# Packing my kids and my stuff.



## sammie11 (Oct 13, 2017)

I feel like I've been posting too much on here...going through a lot ) : So nice to have a safe space to open up.

Today I packed up my belongings and pumped up my kids (3, 5, 8) for moving in with my mother. I am so beyond thankful that they are handling this far better than I expected. (They are excited! They are literally even bragging to their friends about having two homes!! Wth!)
For me, I cannot begin to say how crushed my heart is to be undoing the efforts I've put in to making this house a home. My ex husband and I (before he became abusive) worked out butts off to get here. We built our dream life together and I am so proud of how far we came. Today I just....put a few things in boxes. For the first time in two months since we separated, this has really hit home. I can't say I miss him, but to leave my home and the dreams we worked so hard for while ignoring our problems and pretending they didn't exist...it broke my heart. 
And I can't bring our kitty )':
Lord.
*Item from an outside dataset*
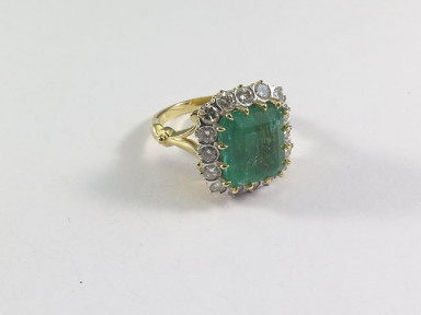 emerald-cut emerald multi-claw set within a border of sixteen brilliant cut diamonds; 18ct yellow gold. Estimated weights: Emerald = 6.36ct, Diamonds 16 = 1.10ct. Size M. -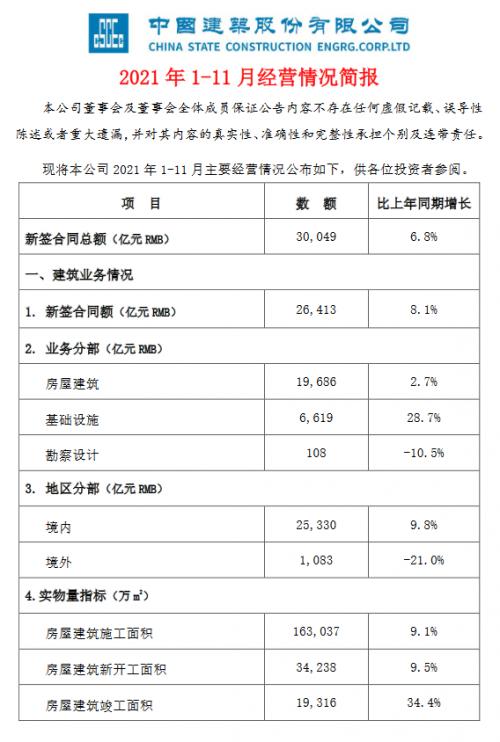 12月11日,中国建筑公布其1-11月主要经营情况,1-11月公司新签合同额30049亿元,同比增长6.8%。

This is so hard.


----------



## Betrayedone (Jan 1, 2014)

I get it.......


----------



## EleGirl (Dec 3, 2011)

Why are you and the children leaving your home?

It sound like your children have a good, positive outlook. Hope they can keep that.

Hang in there. It gets easier with time.


----------



## SunCMars (Feb 29, 2016)

Hey TAM...
Someone, please.

Take the kitty.
Hold it for a spell, then return it, fed, all brushed and fluffed up.
Take her kitty. And hold it for her.
That's the end, of this, my ditty.


----------